### INSTRUCTIONS FOR THE TASK
Everything from the line that has "お子さまが楽しく過ごせる専用" to the last line of the listing must be repeated exactly, and nothing more; omit the pictures.
*** Opening of DATASET CONTENT ***
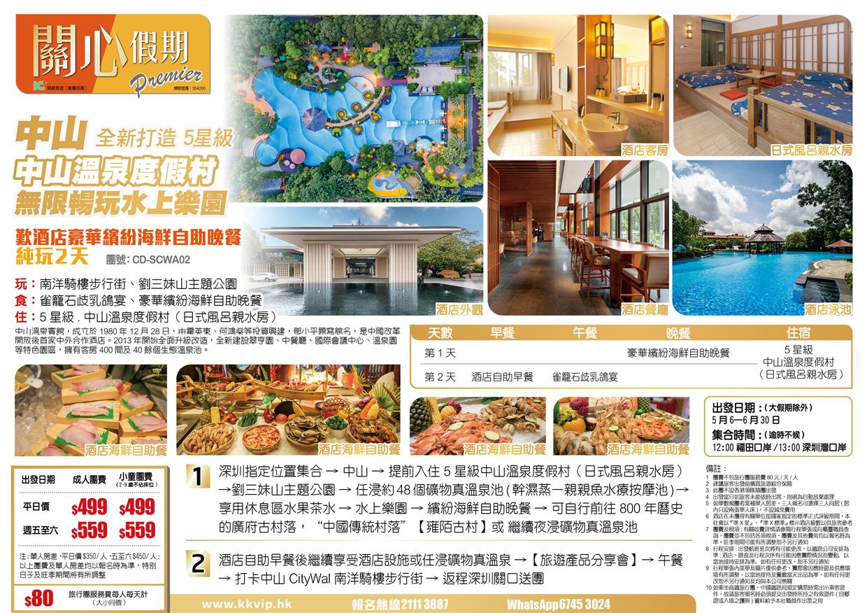 中山 全新打造 5星級【中山溫泉度假村】歎酒店豪華繽紛海鮮自助晚餐 無限暢玩水上樂園 純玩2天
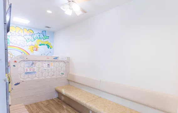 お子さまが楽しく過ごせる専用スペースをご用意。院内キャラクター「MEME(めめ)」と「MOMO(もも)」が壁に描かれ、通院を楽しい時間に変えてくれます。
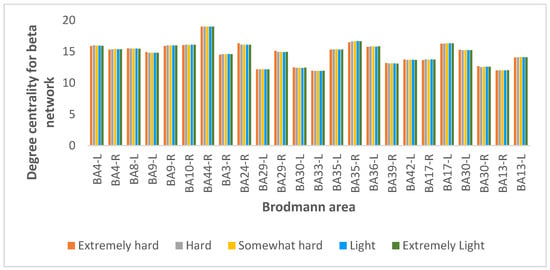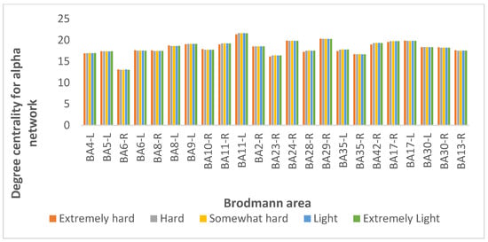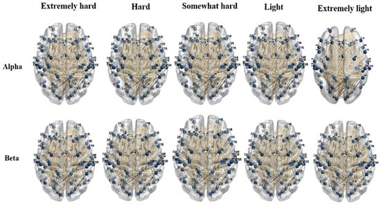 Evaluations of communication patterns can contribute to our understanding of information processing and brain functional organization during the execution of a motor task []. Predominant frontal-motor coupling in the alpha band and fronto-occipital coupling in the beta band have been found during a suboptimally controlled task []. Moderate changes in brain activity in the prefrontal cortex and greater changes in the parietal lobe have been observed with the elevation of exercise intensity []. Porter et al. [] reported an increase in the functional brain network of the frontal region associated with physical and cognitive exertion tasks. High-resistance pedal exertion strengthens intracerebral connections []. High coherence values have suggested an increase in functional connectivity during a muscle exertion task []. Previous evidence suggests that cortical brain function is influenced by various exercise modes, preferences, intensities, and workloads [,,,]. Recently, a graph theoretical approach has been applied to characterize changes in functional network efficiency during physical activities []. Graph theory is a powerful mathematical tool [] that provides a conceptual framework for studying neurophysiological data to characterize brain topological organization and explore brain connectivity patterns [,,].
*** Close of DATASET CONTENT ***
### TASK SOLUTION
 お子さまが楽しく過ごせる専用スペースをご用意。院内キャラクター「MEME(めめ)」と「MOMO(もも)」が壁に描かれ、通院を楽しい時間に変えてくれます。
 Evaluations of communication patterns can contribute to our understanding of information processing and brain functional organization during the execution of a motor task []. Predominant frontal-motor coupling in the alpha band and fronto-occipital coupling in the beta band have been found during a suboptimally controlled task []. Moderate changes in brain activity in the prefrontal cortex and greater changes in the parietal lobe have been observed with the elevation of exercise intensity []. Porter et al. [] reported an increase in the functional brain network of the frontal region associated with physical and cognitive exertion tasks. High-resistance pedal exertion strengthens intracerebral connections []. High coherence values have suggested an increase in functional connectivity during a muscle exertion task []. Previous evidence suggests that cortical brain function is influenced by various exercise modes, preferences, intensities, and workloads [,,,]. Recently, a graph theoretical approach has been applied to characterize changes in functional network efficiency during physical activities []. Graph theory is a powerful mathematical tool [] that provides a conceptual framework for studying neurophysiological data to characterize brain topological organization and explore brain connectivity patterns [,,].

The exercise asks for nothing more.